The characters are mainstream yuppies who are exactly like hetero folk, except that they seduce one another with very little encouragement and an enviably high success rate. We’re in the 1980s. Aids, represented by the shadowy and unseen Reg, haunts the action. The characters are university chums who meet up ten years after graduation and slowly realise that most, and perhaps all, of the group have embraced a joyful tryst with Reg and his lethal body fluids.
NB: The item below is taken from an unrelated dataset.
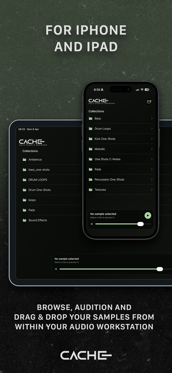 CACHE is a fast and simple sample browser for iPhone, iPad, and AUv3 hosts. It lets you open your own sample folders, browse collections instantly, preview audio files, detect sample key, and drag sounds straight into compatible apps and hosts.
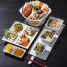 You can serve salads in such dishes. In this case, the lids can be removed before starting the meal. Sometimes lids cover only individual cells, for example, containers with sauce.

Writer Kevin Elyot arranges an ingenious tapestry of affairs, crushes and unrequited ardours in a script that operates on several levels. It’s a flatshare comedy crammed with engaging figures of fun. Petty, nit-picking Bernie tolerates the affairs of his randy thuggish boyfriend because he’s terrified of getting the elbow. Cool, suave John is adored by Guy, the chubby loser, who can’t find the courage to declare his love. The flat he owns is being decorated by a fit young Brummie named Eric whom all the older men covet madly, but he barely notices as they drool and pant and ogle. Comedy aside, there’s a whole heap of suspense here. It’s like a country-house thriller. Anyone could croak at any time, and even the near-celibate Guy is at risk thanks to an unprotected summertime fling.